ソースの味はどこから持ってくるか|副産物・仕込み・即席の3つの選び方

フランス料理 日本料理

ソースの味は、必ずどこかから持ってきています。素材から出たものか、別に仕込んだものか、その場で混ぜたものか。

そして出所によって、できるまでの時間がまったく違います

味の出所は3つしかない

出所何を使うかできるまで作り置き代表例
A 素材の副産物焼いた鍋底の焦げ・煮汁4〜5分✕ その一皿限りデグラッセ、パンソース
B 仕込んだベースフォン・出汁・母ソース前日からフランスの母ソース和のかえし
C その場で組む調味料・薬味・おろし数十秒✕ 酵素が生きているポン酢、ドレッシング、薬味

時間軸が3つとも違うのが決定的です。A は仕込みゼロで4〜5分。B は前日からの仕込みが要る代わりに営業中は速い。C は数十秒でできるが作り置きできない。

主素材の調理法が、使える手を決めてしまう

どれを選ぶかは好みではありません。主素材をどう加熱したかで決まります。

調理法鍋に何が残るか使える手
焼く・炒める鍋底に焦げA が最も濃い。使わないのは損
煮る煮汁そのものA と料理が一体。別に用意しなくていい
蒸す・茹でる薄い汁だけB か C を持ってくる
何もないC のみ

「なぜ蒸し魚には別にソースを用意するのか」「なぜステーキは鍋に残った汁で足りるのか」——これで一本の理屈になります。

つまり献立を決めた時点で、使えるソースの系統は絞られています

fond は「鍋底の焦げ」と「出汁」の両方を指す

A と B は別系統に見えますが、フランス語では同じ語で呼ばれます

fond は「鍋底に残った焦げ」でもあり、「仕込んだ出汁(fond de veau)」でもあります。もとの意味は「土台」です。

つまりその場で回収する土台と、仕込んでおく土台の違いにすぎません。どちらも料理の味の土台だから、同じ語になった。

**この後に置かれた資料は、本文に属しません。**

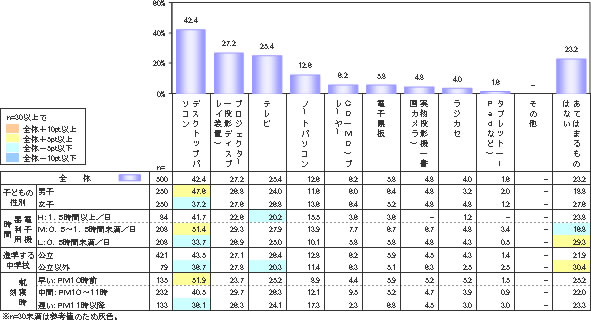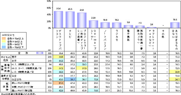 上の二つの図表は、「利用したことがあるもの」「役立ったもの」を、性別、電子機器利用時間などの集計軸でクロス集計したものだ。性別で差が出たのはデスクトップパソコンで、「利用経験」「役立った」ともに男子が女子を約10%上回っている。また就寝時刻が早い層(10時前)では、デスクトップパソコンの利用経験が特に多くなっている。そのほかでは、公立(3年制)以外に進学するこどもが、「利用経験」「役立った」どちらでも、「あてはまるものがない」が、ほかの層にくらべ高くなっている。

実際、フランスの母ソースのうち複数は fond とデグラッセを土台に組み立てられています。A と B は連続しています。

文化によって「記憶するもの」が違う

同じ B(仕込んだベース)でも、フランスと和食では記憶の形が違います。

記憶するもの名前が指すもの
フランス母ソースという実体ベシャメル・ヴルーテ=実体
和食割合という数字二杯酢・三杯酢=構成の数

違いは仕込みの重さから来ています。母ソースはフォンがなければ始まりませんが、合わせ酢は調味料さえあればその場で作れる。だから記憶するものが実体ではなく数字になったと読めます。

そして和食には B と C が併存しています。かえしや煮切り醤油は仕込む系、合わせ酢はその場で組む系。同じ料理文化の中に両方あります。

選ぶ順番

  1. 主素材をどう加熱するか — 焼くなら A が使える。蒸す・生なら B か C
  2. 時間があるか — 仕込みができるなら B。今すぐなら A か C
  3. 作り置きするか — B だけが作り置ける。A と C は提供直前に作る

この3つで系統が決まります。あとは濃度をどうつけるかを選べば、ソースの設計は終わりです。